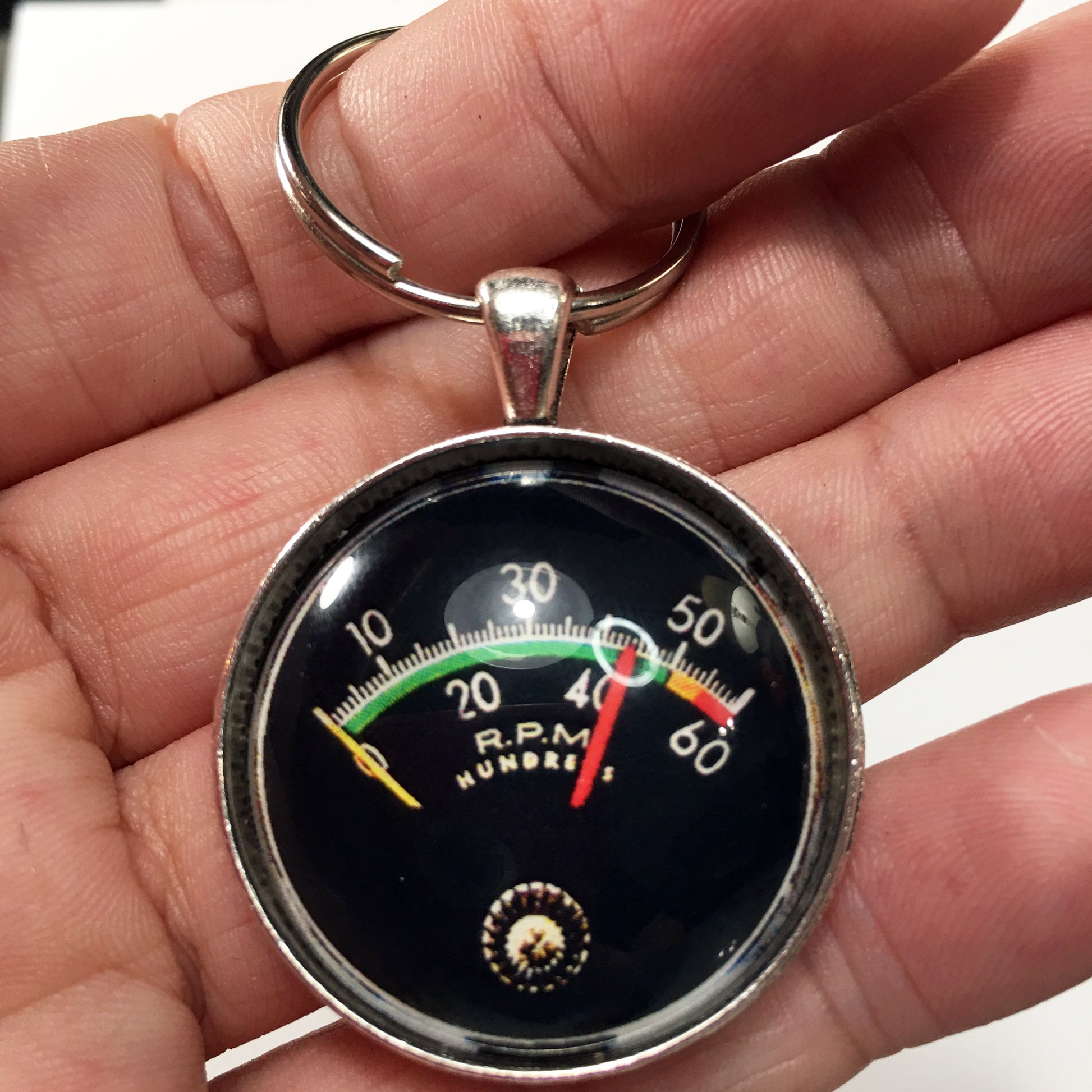 Vintage Chevy 60 RPM Gauge Kneeknocker 1.2" Diameter Keychain
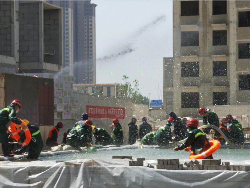 為牢固樹立“生命至上、安全第一”的理念,健全項(xiàng)目安全防控和應(yīng)急工作機(jī)制,切實(shí)提高項(xiàng)目防汛應(yīng)急處置能力,積累防汛實(shí)戰(zhàn)經(jīng)驗(yàn),增強(qiáng)工人的防汛防災(zāi)意識,5月17日,鄭州航空港經(jīng)濟(jì)綜合實(shí)驗(yàn)區(qū)規(guī)劃市政建設(shè)環(huán)保局在中交四公局第二建筑公司河南省直青年人才公寓項(xiàng)目組織開展2022年建筑工地防汛應(yīng)急演練。
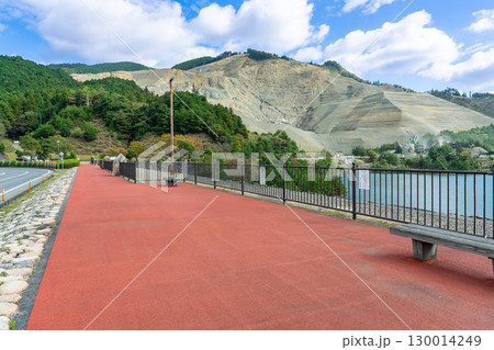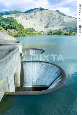 滋賀県甲賀市 二つの洪水吐きのある青土ダムを眺める散策路
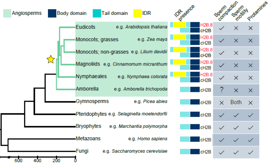 。有意思的是,尽管H2B.8-IDR的氨基酸序列在开花植物中并不保守,但它们均是无序的,暗示IDR的无序性而不是氨基酸保守性对其功能是重要的。此外,系统进化分析也暗示H2B.8是开花植物在进化过程中的创新,取代精蛋白实现对精子染色质浓缩的同时,维持其转录活性
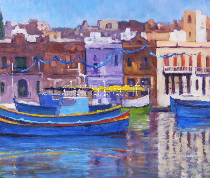 Somos jelzéssel: Kikötő hajókkal. Olaj, farost. 50×31,5 cm.
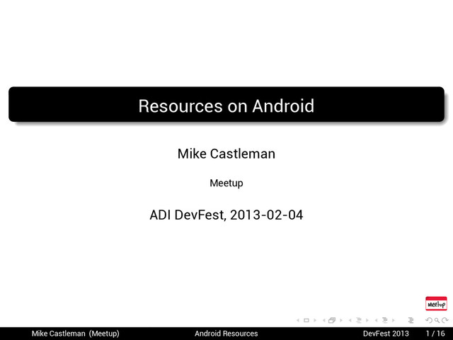 etc. Screen size: small, medium (phones); large, xlarge (tablets) Language (and country): en, es, en-rCA Portrait/landscape: port, land Screen density: ldpi, mdpi, hdpi, xhdpi Many others, see SDK docs if interested. Mike Castleman (Meetup) Android Resources DevFest 2013 5 / 16
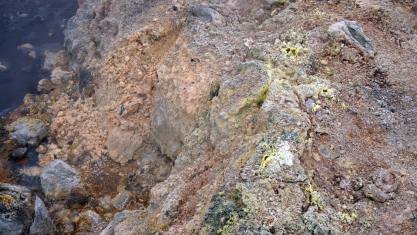 Um 15.30 Uhr nahmen wir den Rückweg unter die Räder. Wir mussten nochmals 1 Stunde Schotterpiste und Kamikaze Fahrer ertragen. Wir machten unterwegs einen kurzen Stopp um noch Fotoaufnahmen zu machen. Die bemerkenswerteste Attraktion hier ist die einzigartige Landschaft selbst. Die Berge sind aus Rhyolith und andere geologische Elemente - wie Schwefel, Eisen und das Moos - färben die Hänge in vielfältige Töne aus Braun, Gelb, Rosa, Rot und Blau.
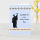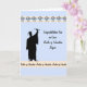 Il s'agit d'une carte bleu clair (les couleurs du diplôme), avec des bordures beiges, des bonnets noirs de graduation et une silhouette d'un diplômé masculin. Carte parfaite pour l'usage.
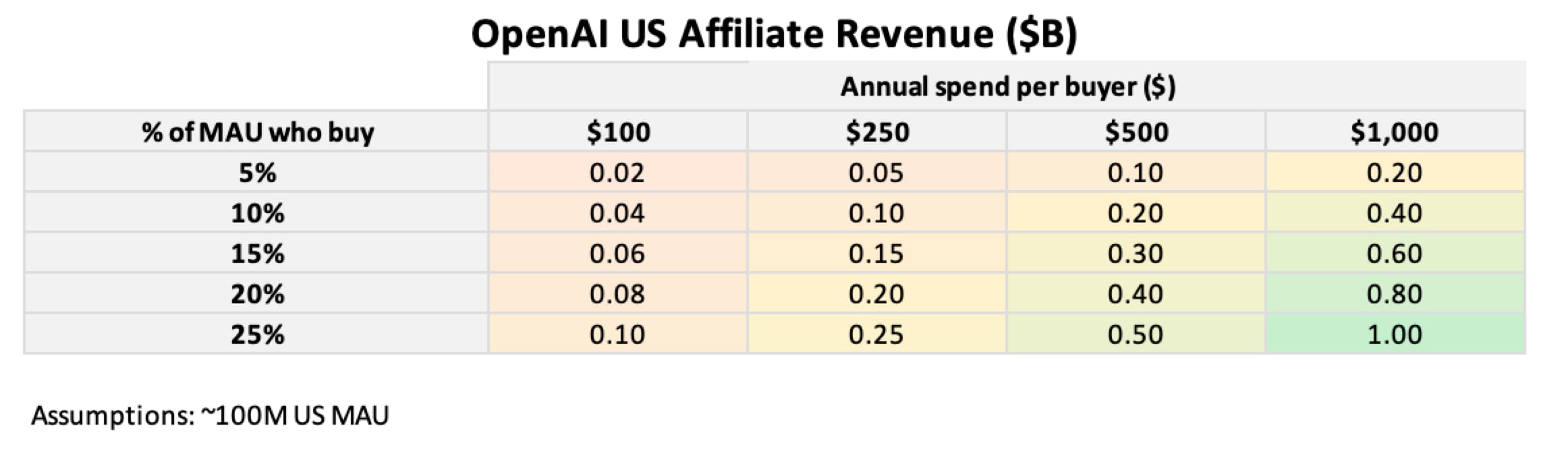 Affiliate commerce and native checkout is a relatively new phenomenon and so may take a while to get going and as you can see need aggressive adoption and annual spend to get to even a $1B business.
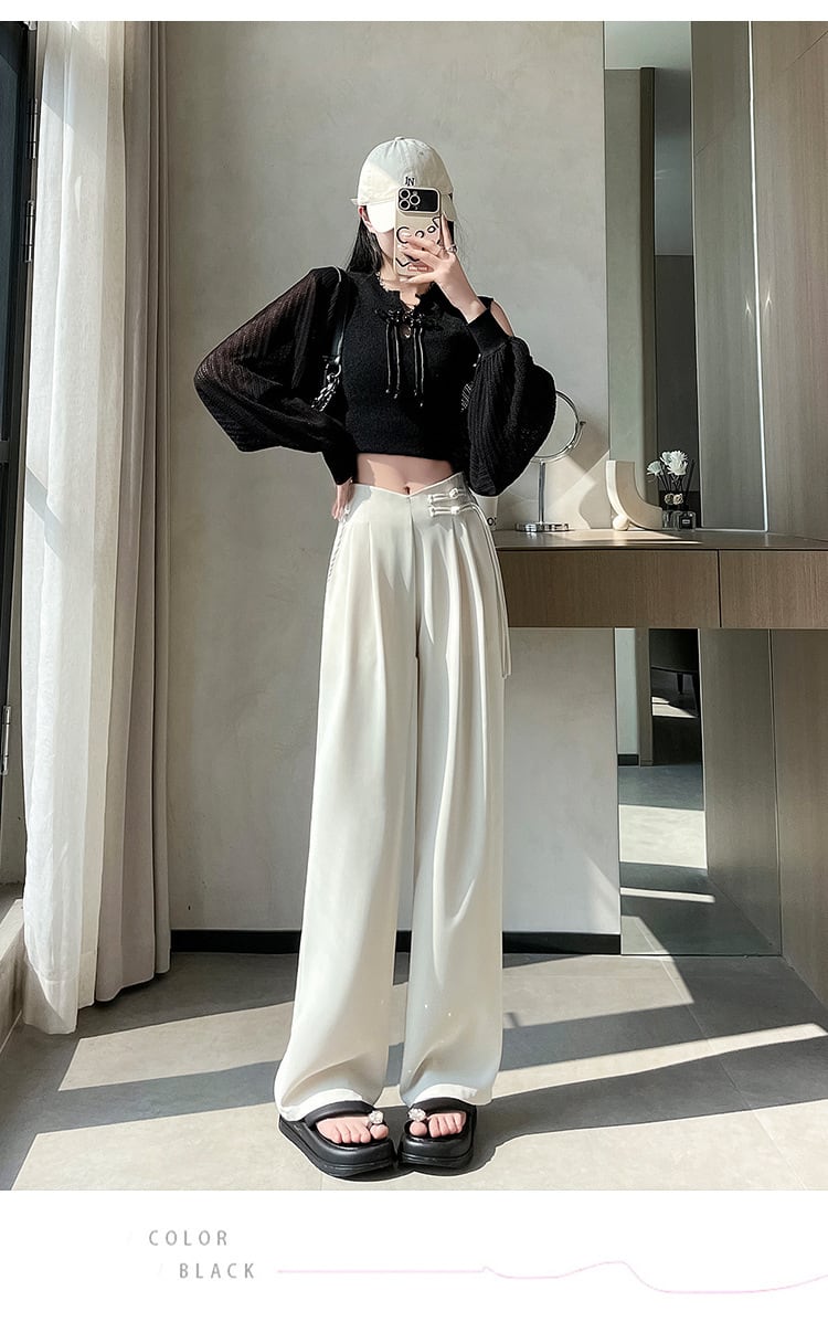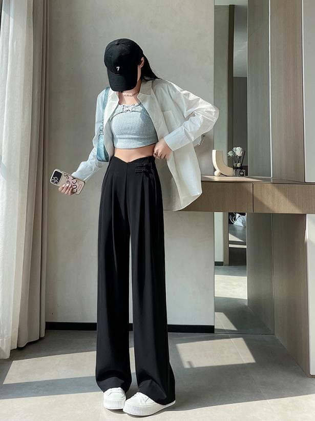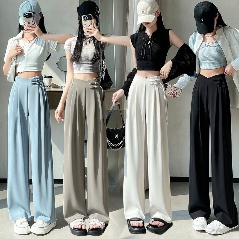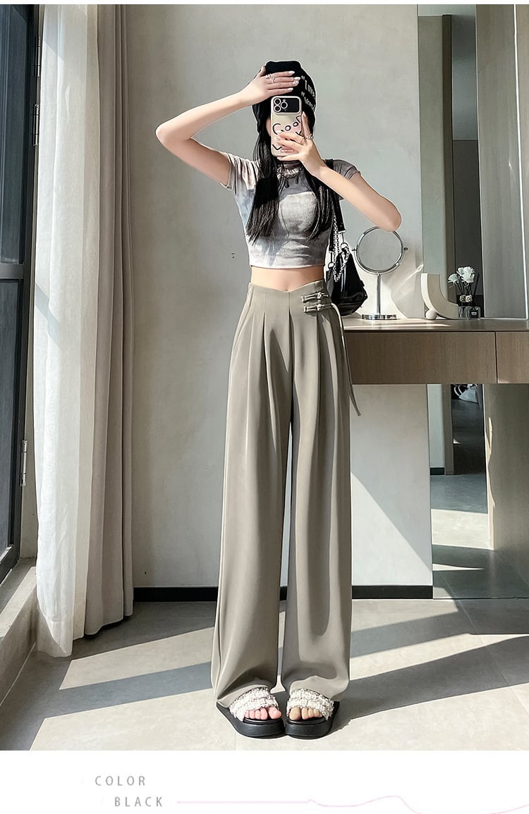 【bottoms】4色ハイウエストスーツパンツF7492
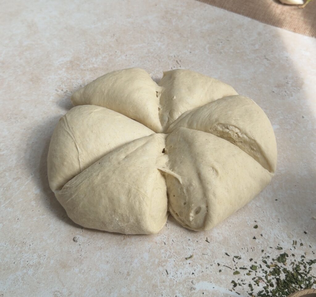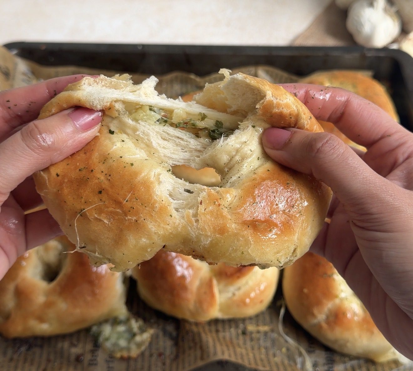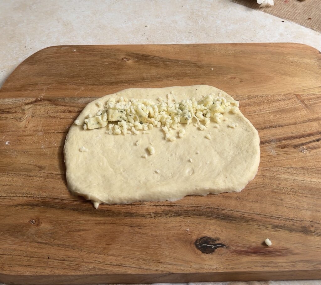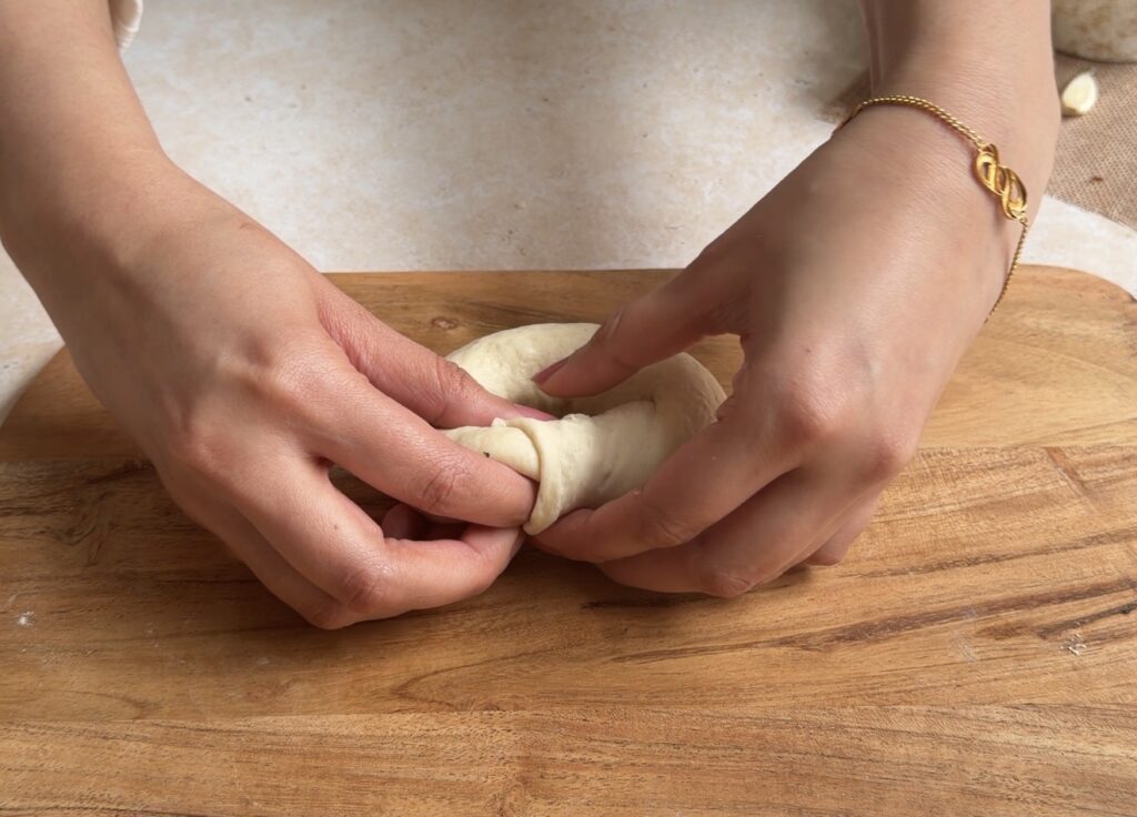 - Punch down the risen dough and divide into equal portions. Roll each portion into an oval, place garlic butter cubes and mozzarella in the centre, fold tightly, and shape into a bagel ring, sealing ends securely.
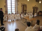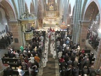 Die Erstkommunionkinder trafen sich um 9.15 Uhr im Stiftssaal. Dort gab es noch ein paar beruhigende Worte von Herrn Pörtner und Herrn von Keitz und dann konnte es losgehen. Herr Kaplan Kämpf kam und holte die Kinder zum Einzug in den Dom ab. Der Bläserchor begrüßte die Kinder musikalisch. Leider spielte das Wetter nicht ganz mit, so dass Herr Kaplan auf kürzestem Weg mit den Kindern in den Dom steuerte.
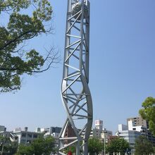 平和の時計塔は昭和42年10月28日に建立されたもので、毎朝8時15分(原爆が投下された同時刻)にチャイムが鳴らされ、「ノーモアヒロシマ」の強い願いが込められています。チャイムの音は平成8年に「残したい日本の音百選」に選ばれています。
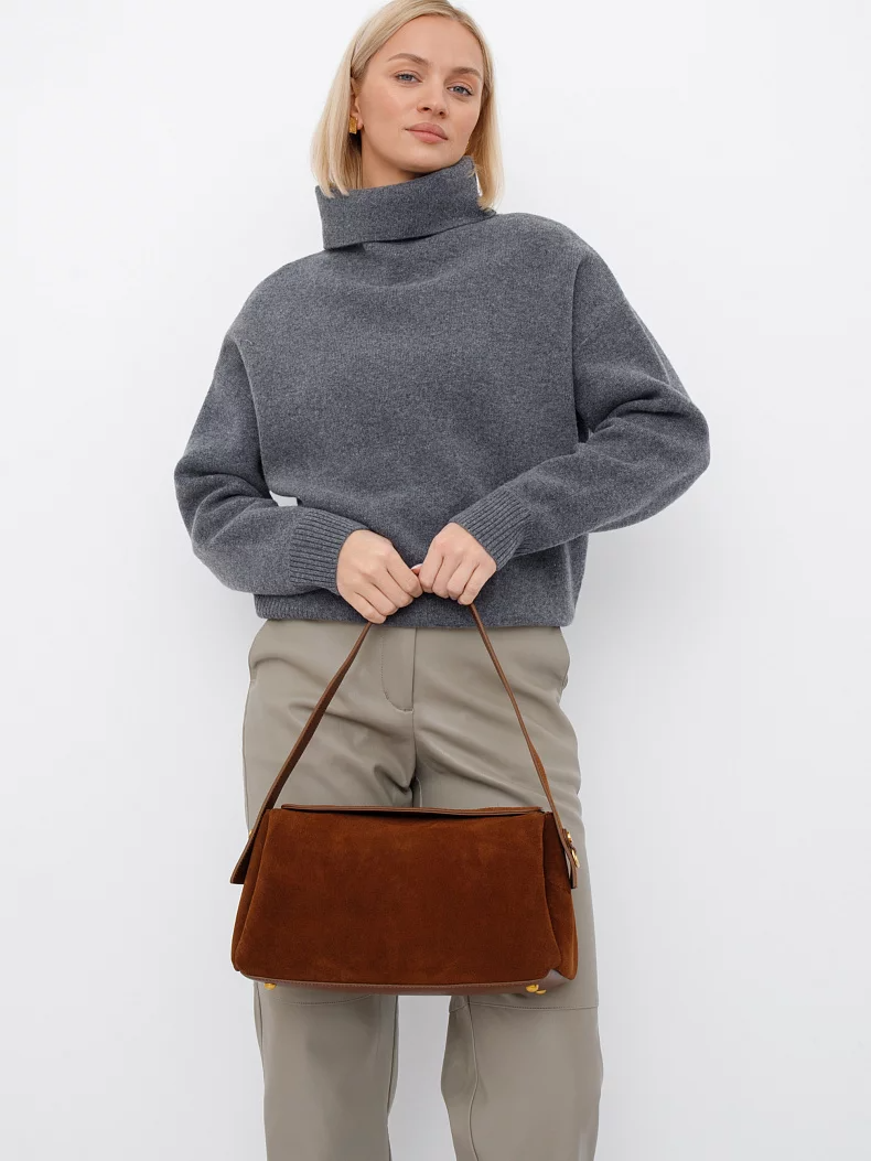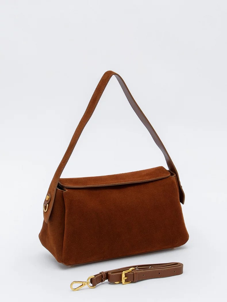 Трендовая модель, выполнена из замши. Дополнена золотистой фурнитурой. Данная модель закрывается на клапан, носится в руке за встроенную ручку или на плече. В комплекте имеется съемный ремень с регулировкой длины. Каркас полужесткий. На дне предусмотрены ножки.

Problem
Restate the lines above from the one containing "Affiliate commerce and" through the one containing "- Punch down", inclusive, exactly and without pictures.

Result for this task
 Affiliate commerce and native checkout is a relatively new phenomenon and so may take a while to get going and as you can see need aggressive adoption and annual spend to get to even a $1B business.
 【bottoms】4色ハイウエストスーツパンツF7492
 - Punch down the risen dough and divide into equal portions. Roll each portion into an oval, place garlic butter cubes and mozzarella in the centre, fold tightly, and shape into a bagel ring, sealing ends securely.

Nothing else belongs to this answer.